DATA SECTION |
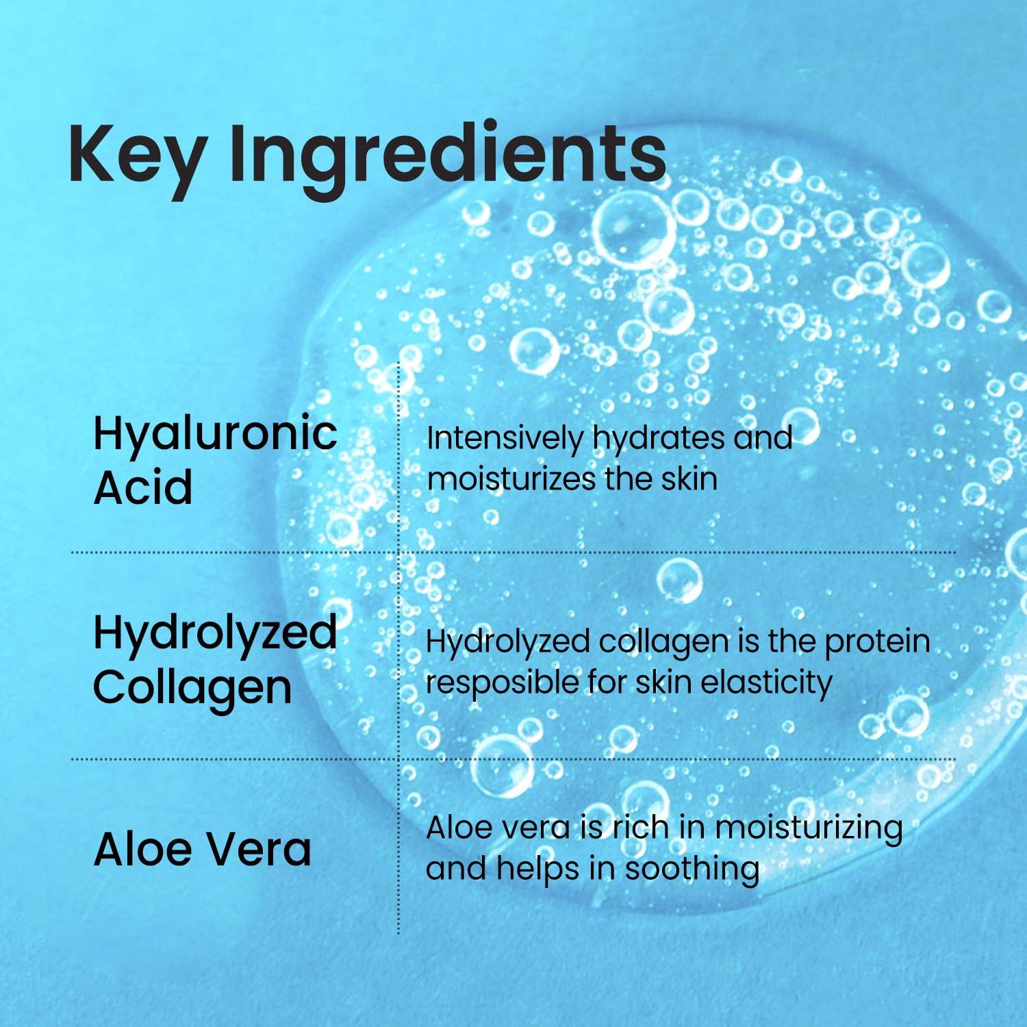 [Key Ingredients] 40% of Hyaluronic acid + Hydrolyzed Collagen+ Panthenol (B5)+ Allantoin + CICA+ PLANT COMPLEX 6 -Hyaluronic acid hydrates dehydrated skin and keep moisture barrier in skin - Pantheno hydrates dry, damaged and sensitive skin - Collagen firm and nourishes skin - Allantoin soothes red and irritated skin (Blemishes)
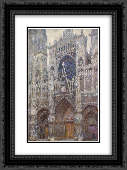 Rouen Cathedral, Grey Weather 18x24 Black Ornate Wood Framed Art Print Poster with Double Matting by Monet, Claude
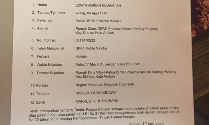 Selain laporan dugaan pencemaran nama baik, Huwae juga melaporkan Richard Rahakbauw atas dugaan penyalagunaan APBD Provinsi Maluku senilai Rp32,5 milyar dengan nomor laporan polisi LP-B/267/V/2018/MALUKU/SPKT.

EXERCISE OBJECTIVE | Each line of the material above should be set down exactly, with no pictures.

ANSWER TO THIS PROBLEM |
 [Key Ingredients] 40% of Hyaluronic acid + Hydrolyzed Collagen+ Panthenol (B5)+ Allantoin + CICA+ PLANT COMPLEX 6 -Hyaluronic acid hydrates dehydrated skin and keep moisture barrier in skin - Pantheno hydrates dry, damaged and sensitive skin - Collagen firm and nourishes skin - Allantoin soothes red and irritated skin (Blemishes)
 Rouen Cathedral, Grey Weather 18x24 Black Ornate Wood Framed Art Print Poster with Double Matting by Monet, Claude
 Selain laporan dugaan pencemaran nama baik, Huwae juga melaporkan Richard Rahakbauw atas dugaan penyalagunaan APBD Provinsi Maluku senilai Rp32,5 milyar dengan nomor laporan polisi LP-B/267/V/2018/MALUKU/SPKT.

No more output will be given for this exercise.